Yuba Water Agency commits $6.5 million to forest restoration projects

Feb. 17—Yuba Water Agency recently committed $6.5 million to two projects meant to reduce the risk of wildfires and advance landscape-scale forest restoration in the Yuba River watershed.

The projects that will receive funding are part of an effort by the North Yuba Forest Partnership, which is a group of nine organizations working to plan, finance and implement forest restoration across 275,000 acres of private and public land spanning Sierra and Yuba counties and two national forests.

"The momentum of the North Yuba Forest Partnership is a model for restoration in California and the western United States," said Randy Fletcher, board director for Yuba Water, in a press release. "This partnership has a proven track record of success and has done a tremendous job at showing what's possible. We're proud to be a big part of that."
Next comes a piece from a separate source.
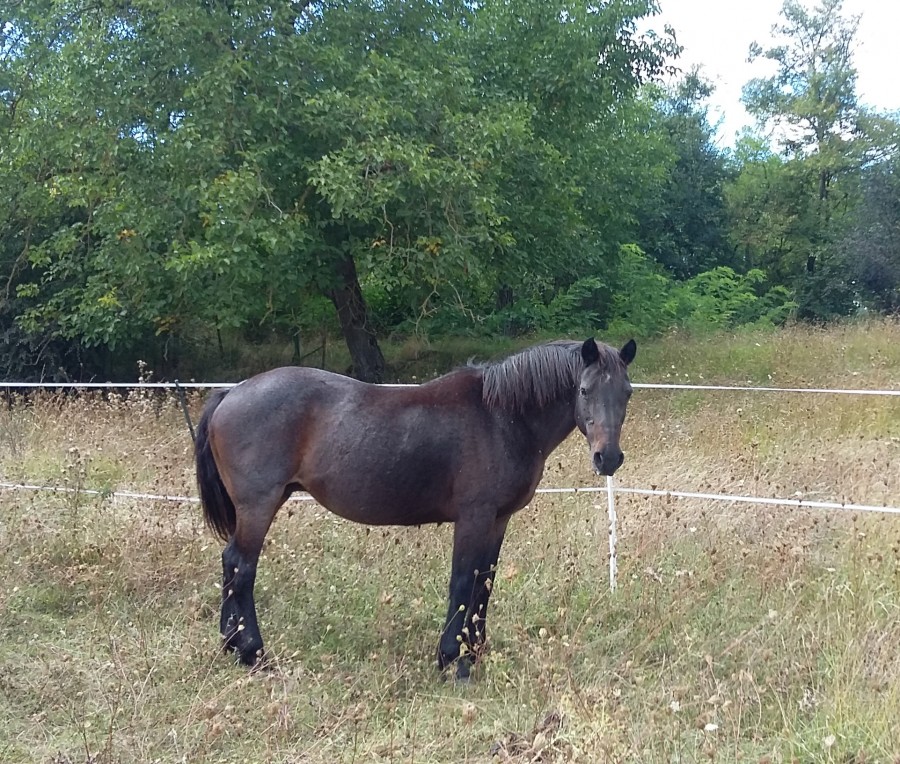 - ALFA SF par Poor Boy x Enchanteur AA, 15 ans, 1m63, dite JUNIOR puisqu'elle a le même nom que sa mère. Testée saine à la PSSM.

Participating organizations in the effort include the Blue Forest Conservation, Yuba Water, Camptonville Community Partnership, National Forest Foundation, the Nature Conservancy, Nevada City Rancheria, Sierra County, South Yuba River Citizens League and the Tahoe National Forest.

Of the dedicated funding, $6 million will be used as a cost-share contribution over the next 10 years, or $600,000 annually, for a Forest Resilience Bond meant to advance restoration treatments on nearly 23,000 acres for two projects previously planned by the Tahoe National Forest in Yuba and Sierra counties.

The bond will be used to attract additional capital from public and private investors to initiate restoration at a much faster pace and scale. The new bond is expected to leverage about $25 million in total funding, in addition to leveraging state and federal grants. In the past, the project leveraged $1.5 million in cost-share from Yuba Water to secure $4 million in private capital to finance restoration conducted across 15,000 acres of national forest.

The rest of the dedicated funding ($500,000) will be used to complete environmental documents and permitting for the wider North Yuba Forest Partnership area and field surveys for the first 20,000 acres of treatment. The grant fills the final funding gap for the project, which already secured $2.53 million for the effort.

"The North Yuba Forest Partnership is advancing restoration across hundreds of thousands of acres, a pace and scale significantly larger than the typical project area of 15,000 to 20,000 acres in the Sierra Nevada," said Melinda Booth, executive director of SYRCL, in a press release. "This planning effort for the entire watershed is creating a roadmap for prioritizing and carrying out work of this magnitude in the future."

The partnership's shared-stewardship approach prioritizes reducing catastrophic wildfire risk for people and property and focuses on treating areas that have the potential to prevent a wildfire from spreading to higher-risk areas, Booth said.

Yuba Water stated the financial contributions were important due to the long-term benefits for Yuba County's water quality and quantity, watershed health, air quality and the economy.